===== DATA SHOWN =====
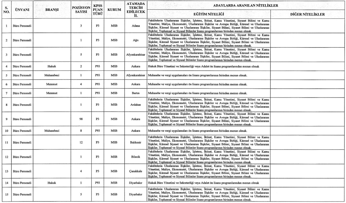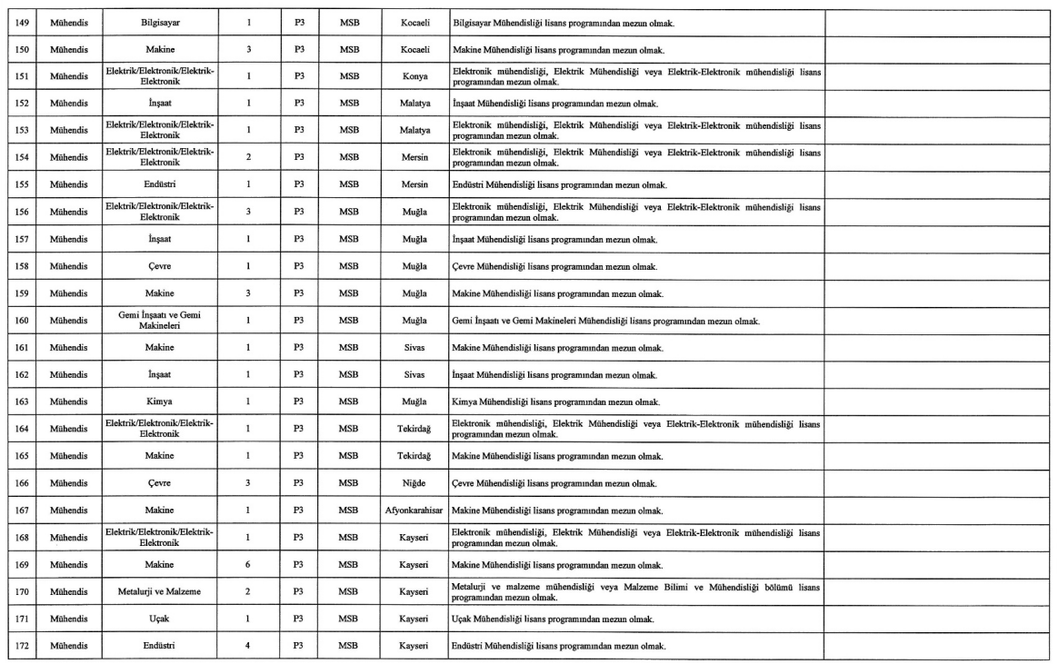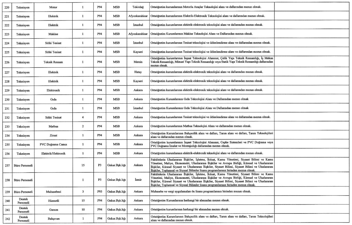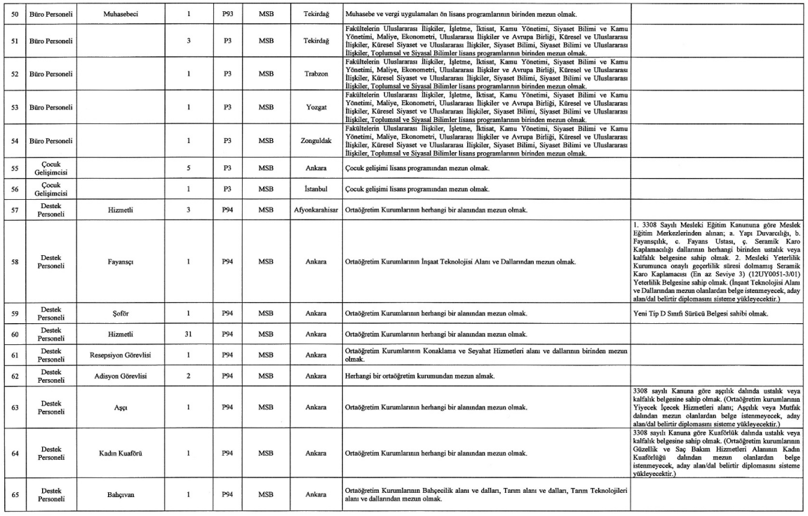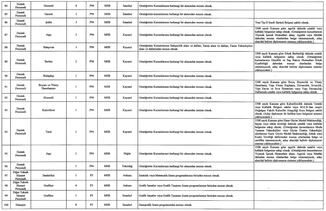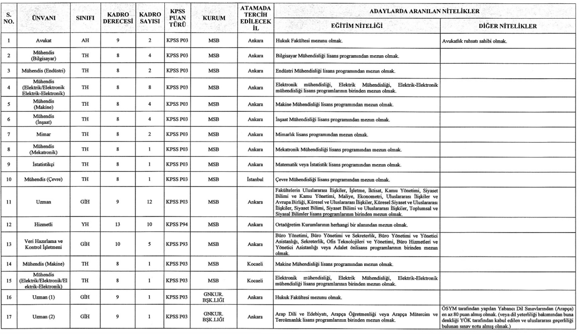 Milli Savunma Bakanlığı (MSB), Genelkurmay Başkanlığı, Kuvvet Komutanlıkları ve Milli Savunma Üniversitesi bünyesinde görevlendirilmek üzere devlet memuru ve sözleşmeli personel alımı yapacağını duyurdu. Alımlar, 657 sayılı Devlet Memurları Kanunu ile ilgili yönetmelikler kapsamında gerçekleştirilecek.
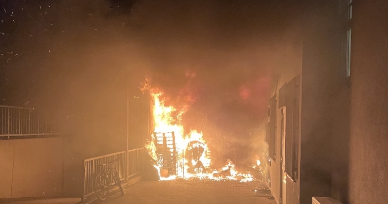 F2 - Brand an einem Anlieferbereich von einem Wohn- und Geschäftsgebäude
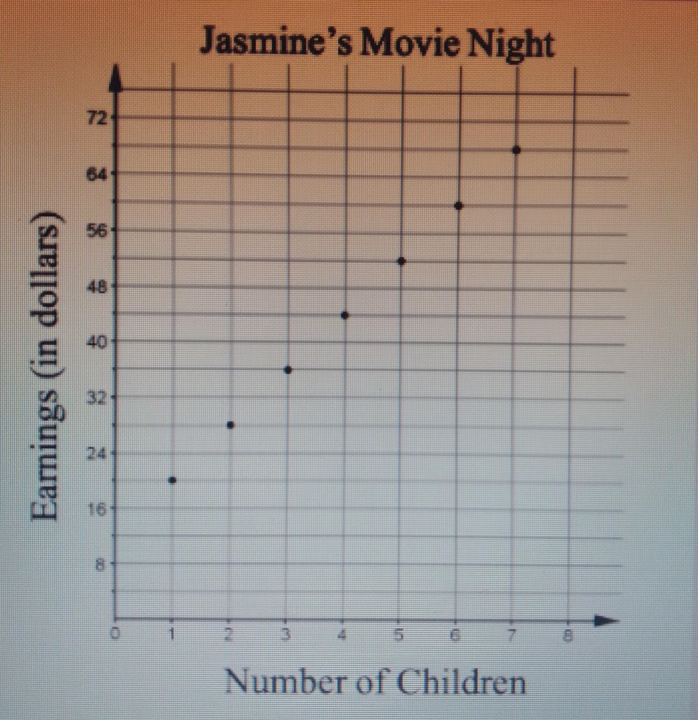y2-y1/x2 - x1, we have, 44 - 20/ 4 - 1 = 8 dollar per child
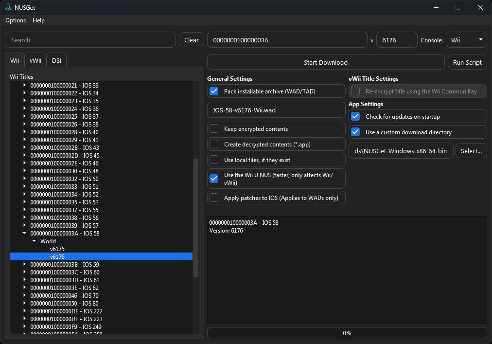 IOS>000000010000003A - IOS 58>World>Latest Version. UncheckKeep encrypted contents. CheckUse a custom download directoryand select the folder that your NUSGet executable is in, then clickStart Download.
=====
→ **PROBLEM DETAILS**: Leave out the pictures and repeat exactly the lines from the first line of the data through the line containing "F2 - Brand an". Add nothing else.

→ **FINISHED EXERCISE**:
 Milli Savunma Bakanlığı (MSB), Genelkurmay Başkanlığı, Kuvvet Komutanlıkları ve Milli Savunma Üniversitesi bünyesinde görevlendirilmek üzere devlet memuru ve sözleşmeli personel alımı yapacağını duyurdu. Alımlar, 657 sayılı Devlet Memurları Kanunu ile ilgili yönetmelikler kapsamında gerçekleştirilecek.
 F2 - Brand an einem Anlieferbereich von einem Wohn- und Geschäftsgebäude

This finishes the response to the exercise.